Assinar

Assumir nossos privilégios não anula nossos esforços

Buscar
Publicidade
Opinião

Assumir nossos privilégios não anula nossos esforços

A comunicação entre semelhantes tem força e potência para incluir as pessoas diferentes


13 de julho de 2023 - 9h00

(Crédito: shutterstock)

É comum que as ideias que defendemos sejam replicadas em grupos de pessoas que pensam como nós. Sempre será mais confortável discutir e debater assuntos em ambientes já preparados para eles. Porém, quando tratamos especificamente do apoio a uma causa que irá contribuir para uma vida mais harmônica e feliz para todas as pessoas, não basta que o tema seja tratado e discutido apenas entre grupos que já se encontram engajados com a questão. É preciso sair da “bolha” e ampliar os círculos de debate para sensibilizar também pessoas que têm pouca familiaridade com o assunto. 

Levando em conta essa necessidade de alcance da mobilização em favor das pessoas com deficiência, precisamos reforçar que as pessoas privilegiadas são ótimas aliadas na conscientização e nas ações relativas à nossa inclusão. 

A expressão “pessoa privilegiada” é um conceito que precisa ser estabelecido sempre a partir de uma comparação de existência. Não podemos entender um privilégio isoladamente e sim na relação entre diferentes realidades. Assim, nem todas as pessoas sem deficiência são privilegiadas em relação às pessoas com deficiência. 

O exercício de analisar a si mesmo em contexto e reconhecer os próprios privilégios é fundamental para se engajar por causas que impactam o bem-estar geral. Quando nos referimos a privilégios, não tratamos apenas de condições econômicas. São muitos os fatores que dão parâmetros para essas comparações, como a própria estrutura familiar em que a pessoa está inserida. 

O ser humano tem dificuldade de assumir o privilégio, pois assumi-lo pode trazer a sensação de invalidar os méritos de suas conquistas. Reconhecer o privilégio é, na verdade, o princípio da jornada da pessoa aliada às questões das pessoas com deficiência e da diversidade humana de forma geral. Quando assumimos nossos privilégios, não estamos anulando nossos esforços, estamos apenas nos abrindo, verdadeiramente, para a percepção de outras realidades e nos colocamos receptivos para entender dificuldades, potenciais e conquistas que mobilizam outras vidas, e, a partir daí, podemos efetivamente agir para torná-las melhores. 

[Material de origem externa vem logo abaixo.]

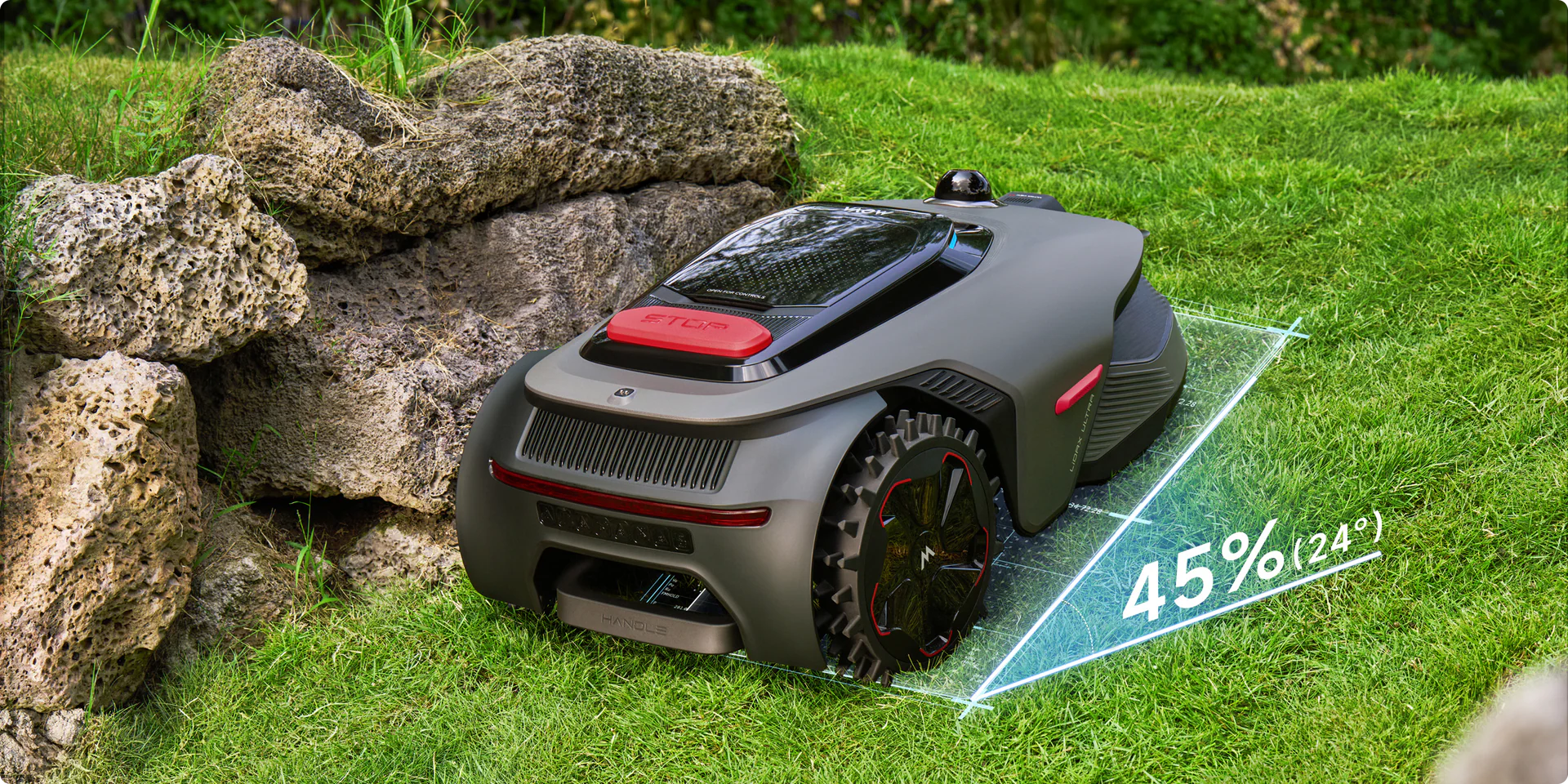 Robotas sklandžiai juda per įvairų reljefą, lengvai įveikia vejos kraštus ir kliūtis, užtikrindamas tolygų bei tvarkingą pjovimo rezultatą visoje teritorijoje.

Há duas premissas para isso acontecer: informação e convivência. É muito importante buscar dados, referências e pesquisas sobre as pessoas com deficiência para compreender melhor as questões que elas enfrentam. Portanto, para perceber genuinamente o universo das pessoas com deficiência, é necessário conhecer não apenas em tese e sim no convívio do dia a dia. 

Isso é bem diferente do comportamento que chamamos de ‘tokenismo’. Conviver não é adotar alguém como referência para justificar a simpatia pela causa da pessoa com deficiência. Não é encontrar esse alguém de vez em quando e usar esses eventuais encontros como argumento para se dizer ‘pessoa aliada’. Não é seguir uma influenciadora com deficiência nas redes sociais sem interagir de fato com ela, apenas curtindo vez ou outra seus posts sem compartilhar, sem levar os temas para conversas presenciais e situações do cotidiano. Conviver é criar empatia. É mover-se pelo sentimento. 

A partir disso, passa a ser muito mais natural o processo de entendimento e defesa da causa. Quantas vezes você já convidou uma pessoa com deficiência para visitar sua casa, para um jantar, para uma festa, uma conversa? 

É a emoção que desperta a ação. Esse é o grande poder da pessoa aliada privilegiada. De um lado, ela vai criar um elo autêntico de proximidade com as pessoas com deficiência que a levará a comportamentos anticapacitistas efetivos. De outro, se tornará uma liderança positiva para a desconstrução do capacitismo entre as pessoas de sua convivência. 

Vale ressaltar que, quando falamos em liderar mudanças de atitude, não queremos sugerir que essas ações sejam realizadas a partir de uma postura de superioridade. O ponto em destaque é partir de iniciativas individuais para impulsionar um processo que é coletivo. Daí voltamos à importância do reconhecimento do privilégio. Essa consciência reforça que todos nós somos aprendizes o tempo todo, e é só aprendendo constantemente e em conjunto que podemos vencer o capacitismo. 

Ao usar seu lugar de privilégio, pessoas aliadas transmitem as ideias anticapacitistas de uma maneira que pode ser até mais efetiva para mobilizar seus pares do que se estes estivessem recebendo a mensagem de um público com o qual não estão acostumados a interagir. 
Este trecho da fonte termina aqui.